Agora que você já entendeu a "potência" dos efeitos de segunda e terceira ordem, vamos para o campo econômico. Quando um agente econômico, no geral os estados, pensam em políticas para estimular ou salvar a economia, eles imaginam que essas ações terão certos efeitos de primeira ordem. Mas vejam: eles só podem especular! Os efeitos de primeira ordem de medidas econômicas não são testados durante anos. Assim, além de não saber as consequências imediatas das políticas que serão implementadas, os agentes simplesmente ignoram os efeitos de segunda e terceira ordem que, como no caso do Viagra, podem ser benéficos. Ou, como se observa em testes de diversos medicamentos que não chegam a ser comercializados, podem ser nefastos e causar danos de proporções maiores do que os da cura ou estímulo buscado.

Antes de avançarmos na resposta para a pergunta proposta por este texto, reflita sobre o seguinte: vale a pena para nós, sociedade, sermos cobaias de medidas econômicas cujos efeitos são desconhecidos para curto prazo e imprevisíveis para médio e longo prazo? Talvez uma situação vivida pelo Brasil te ajude na sua conclusão. Ao menos, ela vai responder a pergunta tema.

No ano de 2009, com o início do governo Dilma e a chamada "nova matriz macroeconômica" e planos de aceleração do crescimento, implementou-se uma medida chamada PSI. Essa política consistia no financiamento de caminhões, pelo BNDES, com juros muito baixos (na época os juros reais eram de 1,5% ao ano).

No período que se seguiu à política econômica, a frota de caminhões no Brasil cresceu assustadoramente. Para se ter uma ideia, enquanto o PIB do setor de transportes cresceu 2,4% ao ano, no mesmo período, a frota de caminhões aumentou em 4,9% ao ano. Pense da seguinte forma: enquanto a demanda por transporte de cargas cresceu 1 a oferta pelo serviço cresceu 2 — isso entre 2009 até 2014, quando o país entrou em recessão. Vale lembrar que tivemos greves de caminhões em 2013, 2015, 2018 e, agora, 2021.

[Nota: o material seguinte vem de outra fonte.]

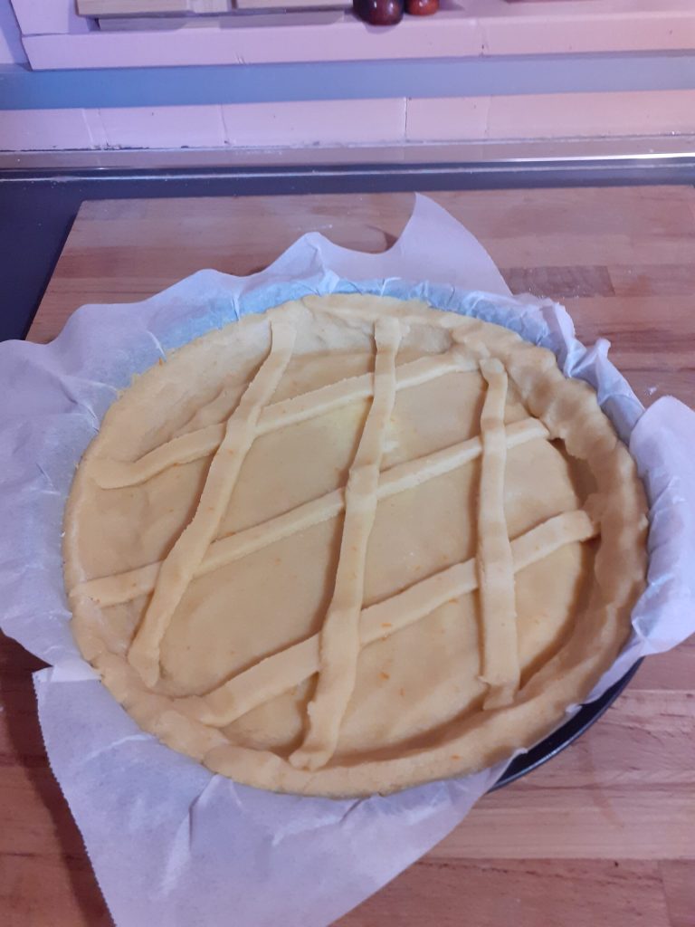 • Na de 30 minuten rust van de zanddeeg, haal het uit de koelkast en leg het tussen twee licht met bloem bestoven bakpapieren. Rol het uit met een deegroller tot een dikte van ongeveer een halve centimeter. (Als je siliconen ringen hebt, nog beter, het zal mooi gelijkmatig zijn.)

Paralelamente às indevidas interferências no setor de transportes, o governo Dilma, numa atrapalhada tentativa de conter a inflação, represou preços de combustível e da energia elétrica causando elevados prejuízos na Petrobras.

Essas duas medidas econômicas (subsídio ao financiamento de caminhões e manipulação de preço dos combustíveis) foram o caldeirão perfeito para o caos. Com muitos caminhões no mercado, ou seja, muita oferta, o preço do frete caiu — fazendo com que a atividade de transporte não ficasse viável para os caminhoneiros. Como se não bastasse, a Petrobras viu-se obrigada a recuperar seus prejuízos passados com políticas de preço mais agressivas. Tudo isso colocou os caminhoneiros numa posição de "pagarem para trabalhar".

Assim como o corpo pode levar muito tempo para se desintoxicar e filtrar substâncias ministradas durante anos, a economia também precisará de um longo prazo para se livrar dos efeitos de segunda e terceira ordem das medidas tomadas no passado. Isso, se os agentes políticos permitirem que a economia reaja por si só. Tentar desintoxicar o corpo humano com mais remédios não funciona, é preciso deixar o fígado e os rins trabalharem

Na economia é a mesma coisa: nós, as pessoas, precisamos reagir aos acontecimentos e filtrar os problemas para nos tornarmos um sistema complexo e resistente. Sem essa purificação, continuaremos a conviver com greves de caminhoneiros e outros problemas que ainda desconhecemos.

* Esta coluna tem caráter opinativo e não reflete o posicionamento do grupo.